Question

Match each function formula with the corresponding transformation of the parent function y = -4 x . .

Answer 1

Answer:

1. y = - 4(x - 1) ⇒ Translated right by 1 unit

2. y = 1 - 4x ⇒ Translated up by 1 unit

3. y = - 4(-x) ⇒ Reflected across the y-axis

4. y = - 4(x + 1) ⇒ Translated left by 1 unit

5. y = 4x ⇒ Reflected across the x-axis

6. y = -1 - 4x ⇒ Translated down by 1 unit

Step-by-step explanation:

Lets explain how to solve the problem

- If the function f(x) reflected across the x-axis, then the new

 function g(x) = - f(x)

- If the function f(x) reflected across the y-axis, then the new

 function g(x) = f(-x)

- If the function f(x) translated horizontally to the right  

 by h units, then the new function g(x) = f(x - h)

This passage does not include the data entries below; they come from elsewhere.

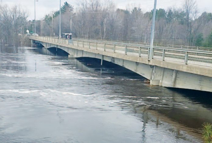 Photo:L’eau en crue sous le pont Blanc à Mansfield. (GF)
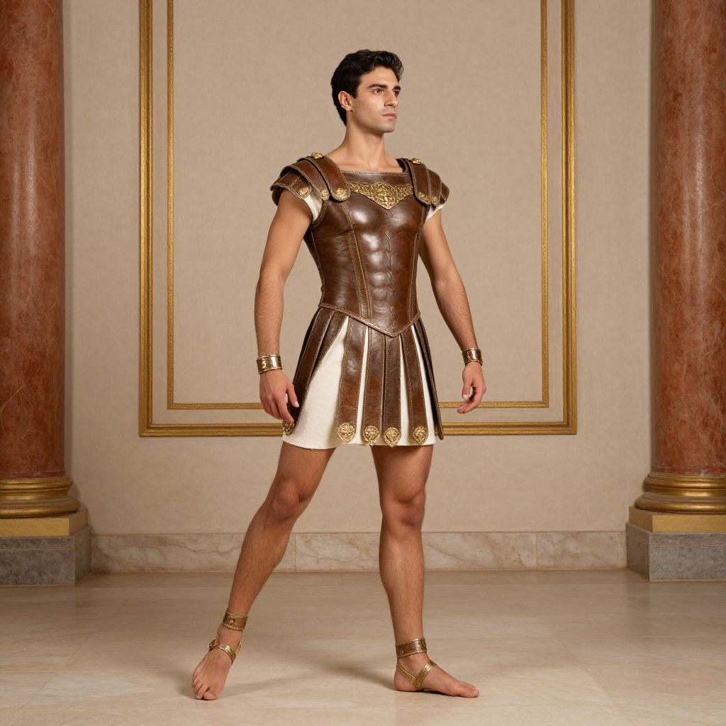 Grecian Dance Costume, man in a roman costume standing in a room
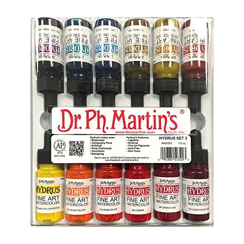 Dr. Ph. Martin's 400263-XXX Hydrus Fine Art Watercolor Bottles, 0.5 oz, Set of 12 (Set 3)
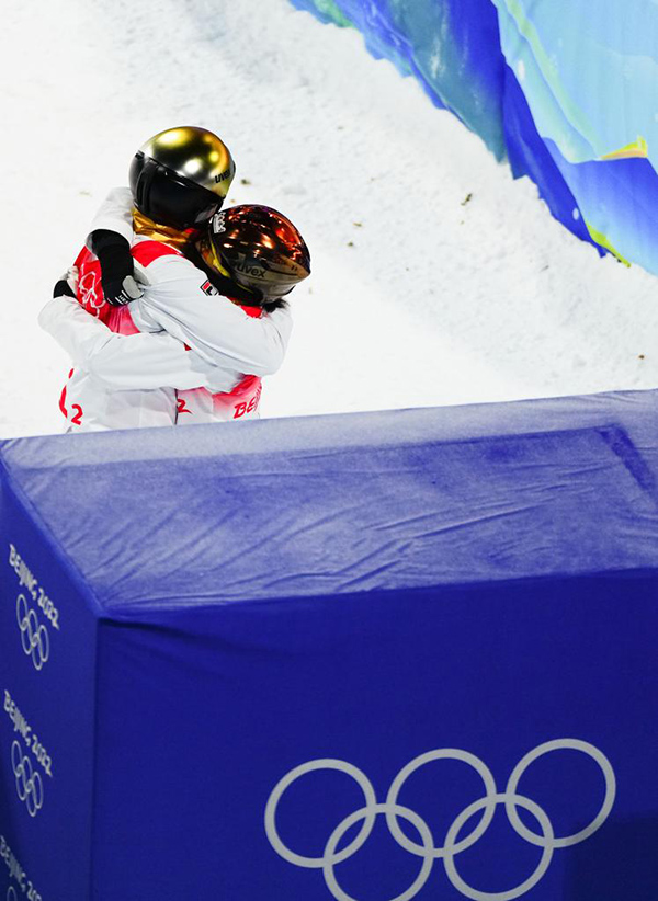 2月10日,中國隊(duì)選手徐夢桃(右)和賈宗洋在北京2022年冬奧會(huì)自由式滑雪空中技巧混合團(tuán)體決賽比賽后擁抱。新華社記者許暢攝
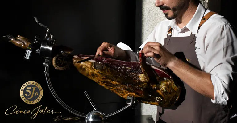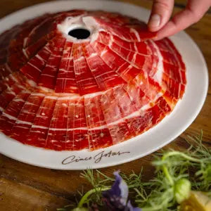 Cinco Jotas lleva el sabor de cerdos criados en libertad en Huelva hasta la mesa de tu hogar. Cada loncha es una obra que encapsula un sabor, textura y aroma inconfundible desde 1879.
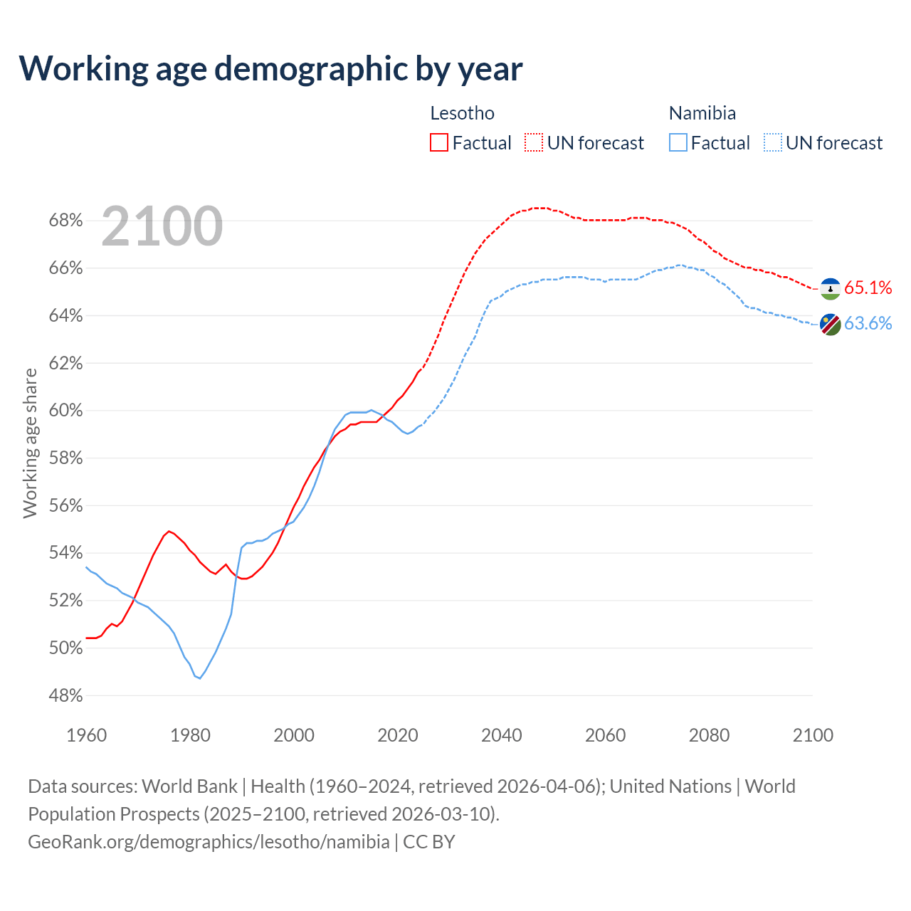 - Lesotho has 1.48M working age adults (aged 15-64) vs 1.88M in Namibia.
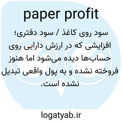 سود روی کاغذ / سود دفتری؛ افزایشی که در ارزش دارایی روی حساب‌ها دیده می‌شود اما هنوز فروخته نشده و به پول واقعی تبدیل نشده است.
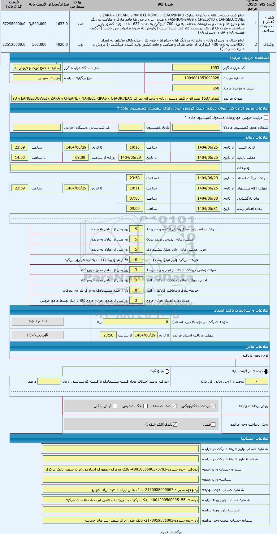 عنوان مزایدهتعداد 1637 عدد انواع کیف دستی زنانه و دخترانه بمارک QIAOPINIAO و NAHECL RIPAS و CHEANL و ZARA و LANGELUOWEI و CHELIKYD و FASHION-BAGS و غیره و برخی ها فاقد مارک و علامت در رنگها و طرحها و مدل و سایزهای مختلف بوزن 700 کیلوگرم و تولید کشور چین میباشند و مارک ها از روی برچسب کالا ثبت شده است - انواع شال و روسری زنانه و دخترانه در رنگ ها و سایزها و طرح ها و مدل های مختلف به تعداد 4020ثوب به وزن 430 کیلوگرم که فاقد مارک و علامت و فاقد کشور تولید کننده میباشد . موجود در انبار اداره (( فروش به شرط صادرات ))
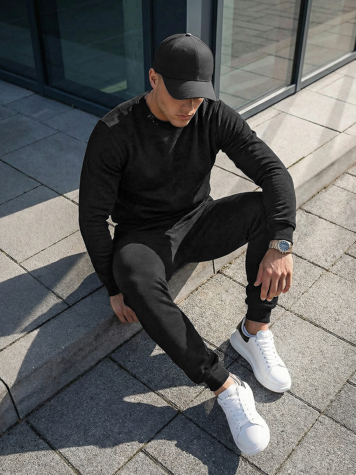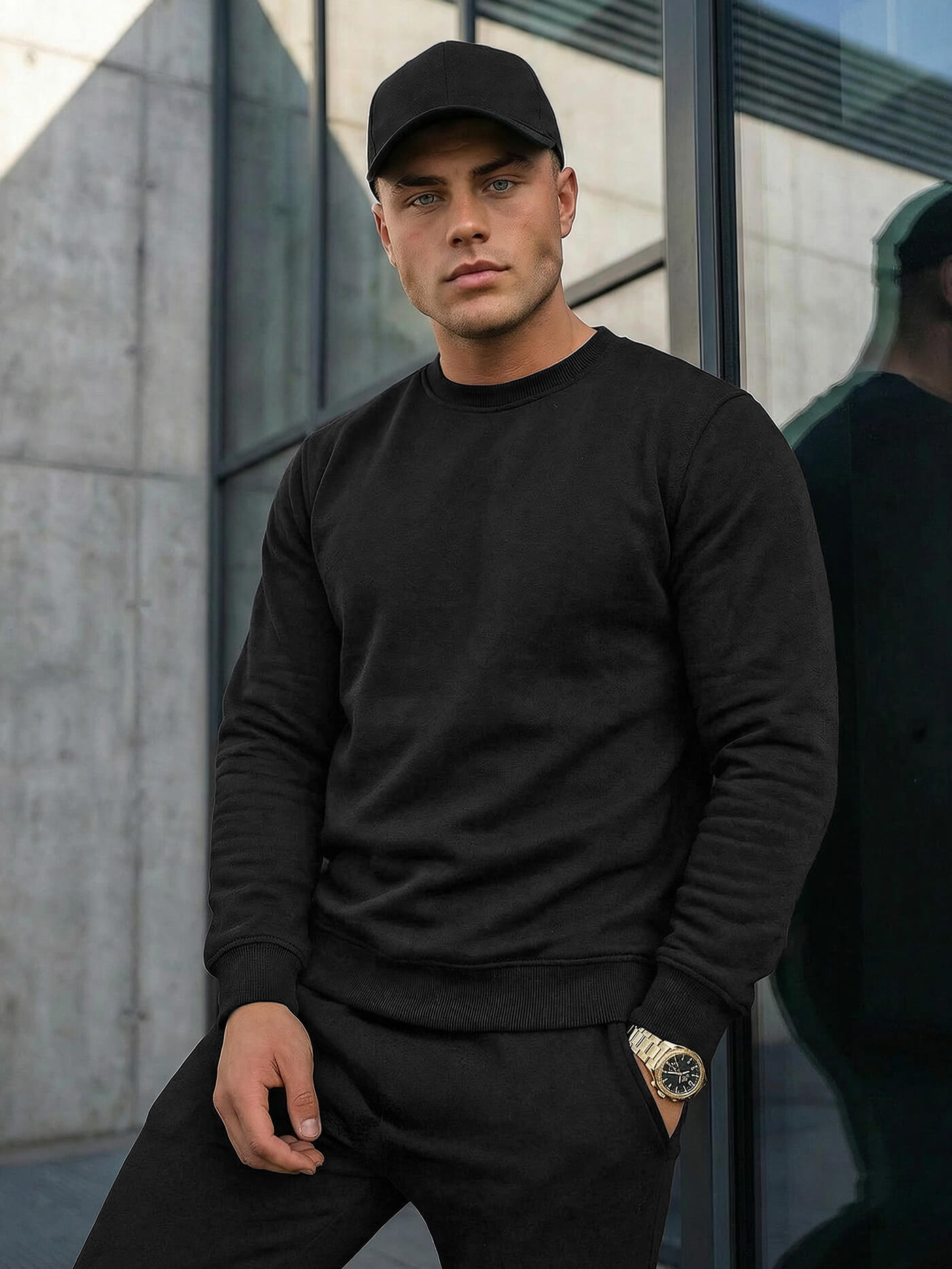 Az összeállítás mindazoknak tetszeni fog, akik szeretik a laza, nem hivatalos stilizációt. Univerzális, klasszikus szabással rendelkezik, ami sosem megy ki a divatból és minden férfi számára ideális lesz, függetlenül a kortól, vagy a testalkat típusától. Ezt a komplettet bátran tudod hordani egész évben - mint a hűvösebb, de a melegebb napokon is.
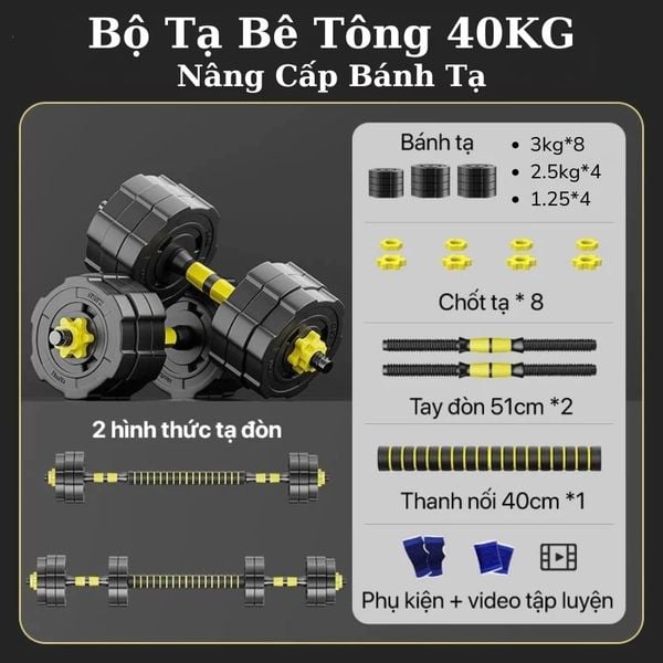 🏋️♂️ Bộ Tạ Đa Năng KINGBOX 20KG – 30KG – 40KG Bê Tông Bọc Nhựa Cao Cấp | Giải Pháp Tập Luyện Tại Nhà Hiệu Quả
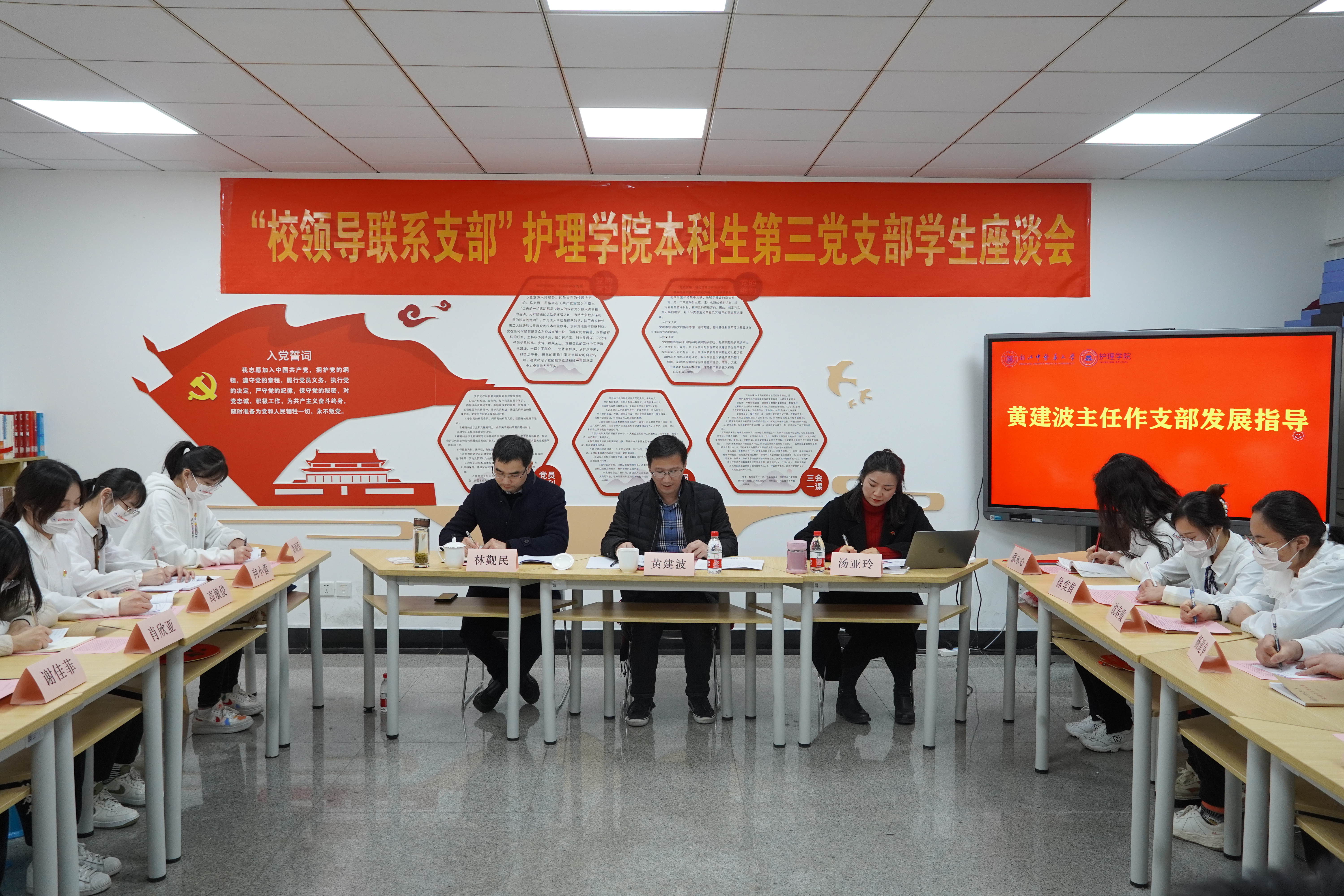 校党委委员、党校办主任黄建波发表讲话,他首先对支部取得的成绩表示充分肯定与认可,并作了十九届六中全会精神的辅导报告,围绕“坚持人民至上”,指出大学生党员,尤其是作为未来的医务工作者,应该用一颗温暖的心切实地帮助老百姓,让人民获得幸福感;同时结合党史教育,向各位党员阐释“两个确立”——党确立习近平同志党中央的核心、全党的核心地位,确立习近平新时代中国特色社会主义思想的指导地位。在肯定党支部品牌建设的基础上,鼓励党员同志秉承南丁格尔精神,为争创一流中医药大学贡献力量。随后,黄主任提出了三点期望:希望各位党员积极参加党史学习教育,做一名对党绝对忠诚的大学生党员;以青春之我、奋斗铸就精彩人生,做一名用奋斗书写无悔青春的青年人;勤于学习,敢于奉献,做一个有家国情怀的大学生。
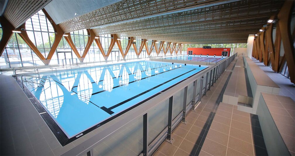 - Un grand bassin de type nordique de 50 mètres et 8 couloirs avec aileron mobile permettant de diviser le bassin en 2 × 25m (16 couloirs).
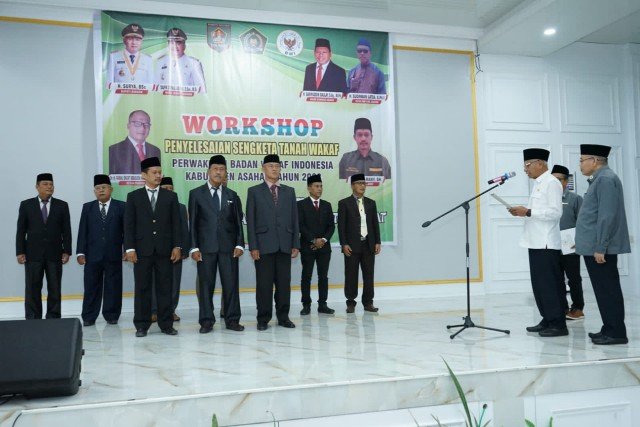 ASAHAN, TEKAPE.co – Bupati Asahan H. Surya BSc melantik pengurus Badan Wakaf Indonesia (BWI) Kabupaten Asahan Periode 2023-2026 sekaligus membuka secara resmi Workshop BWI di Hotel Antariksa, Rabu (20/12/2023).
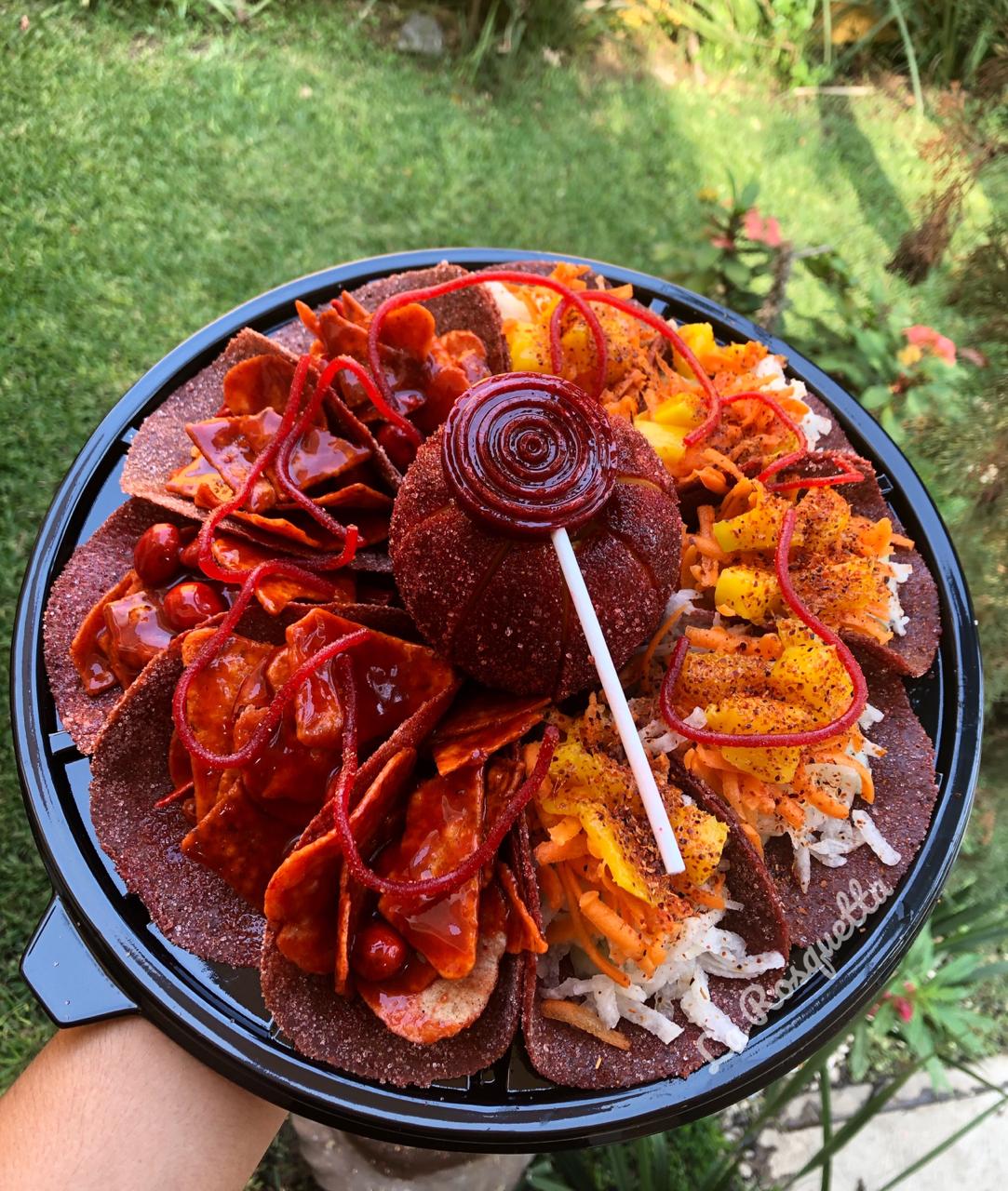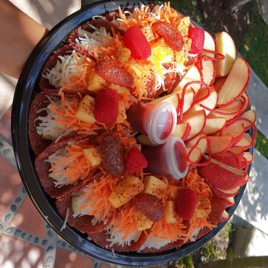 10 Tacos de fruta, pepinos locos, 2 manzanas cubiertas más 3 toppings.
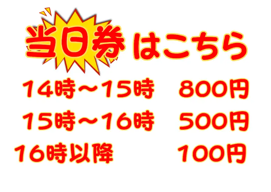 14時〜15時までの入場は800円です。これは、WEBで購入するノーマルチケットよりも50円高い価格となります。
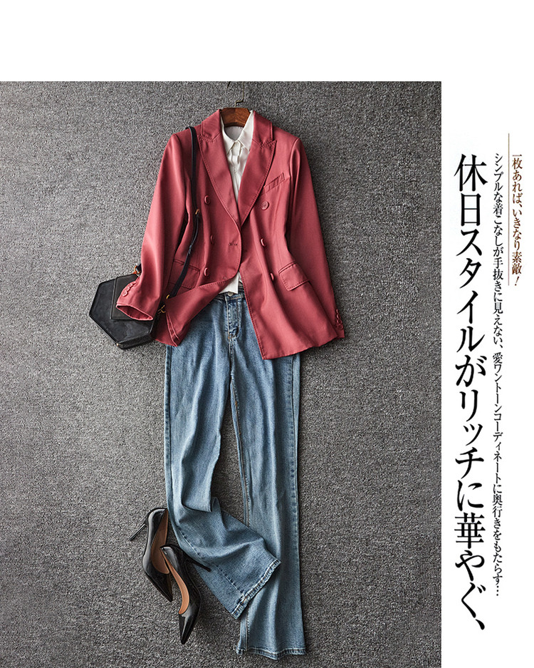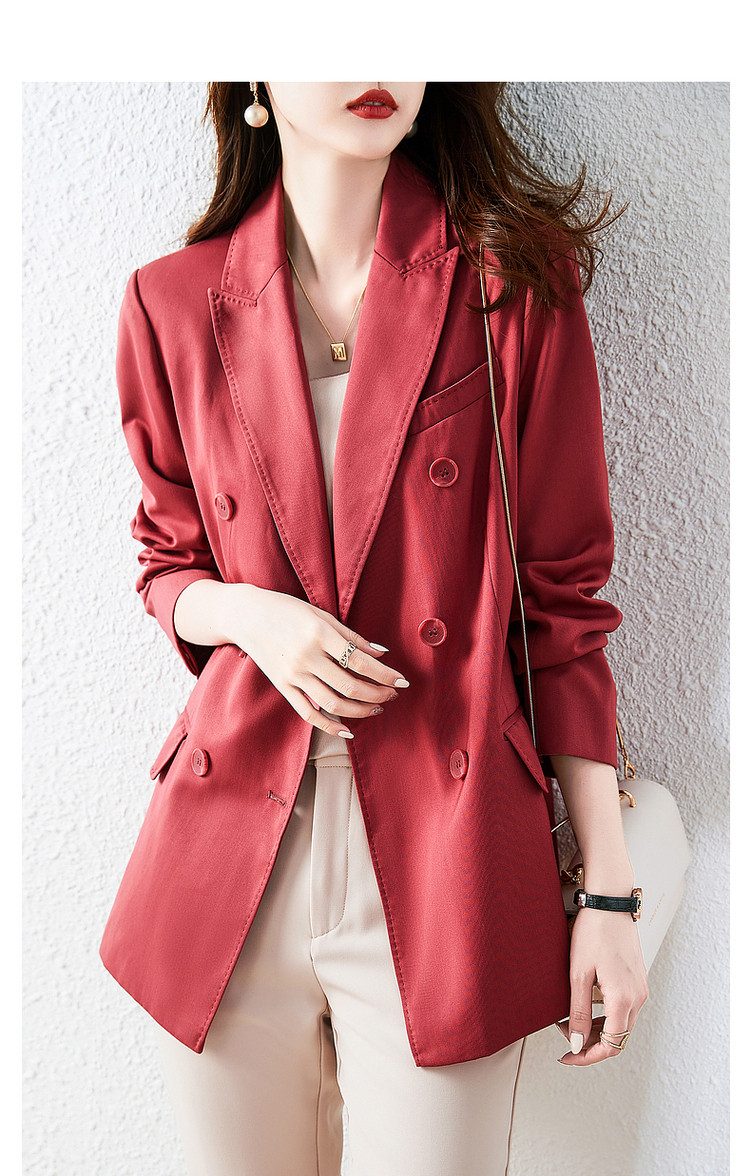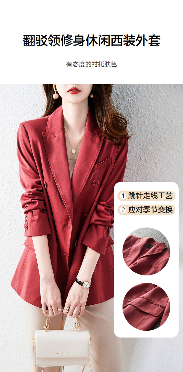 【跳针走线工艺】春秋季翻驳领修身合体休闲西装外套女 018625

- If the function f(x) translated horizontally to the left  

 by h units, then the new function g(x) = f(x + h)

- If the function f(x) translated vertically up  

 by k units, then the new function g(x) = f(x) + k

- If the function f(x) translated vertically down  

 by k units, then the new function g(x) = f(x) – k

* Lets solve the problem

∵ y = - 4x is the parent function

- The function after some transformation is:

1. y = - 4(x - 1)

∵ We subtract 1 from x

∴ The function translated right by 1 unit

∴ y = - 4(x - 1) ⇒ Translated right by 1 unit  

2. y = 1 - 4x

∵ We add 1 to y = - 4x

∴ The function translated up by 1 unit

∴ y = 1 - 4x ⇒ Translated up by 1 unit

3. y = -4(-x)

∵ We multiply x by (-)

∴ The function reflected across the y-axis

∴ y = - 4(-x) ⇒ Reflected across the y-axis

4. y = -4(x + 1)

∵ We add 1 to x

∴ The function translated left by 1 unit

∴ y = - 4(x - 1) ⇒ Translated left by 1 unit

5. y = 4x

∵ We multiply y = - 4x by (-)

∴ The function reflected across the x-axis

∴ y = 4x ⇒ Reflected across the x-axis

6. y = -1 - 4x

∵ We subtract 1 from y = - 4x

∴ The function translated down by 1 unit

∴ y = -1 - 4x ⇒ Translated down by 1 unit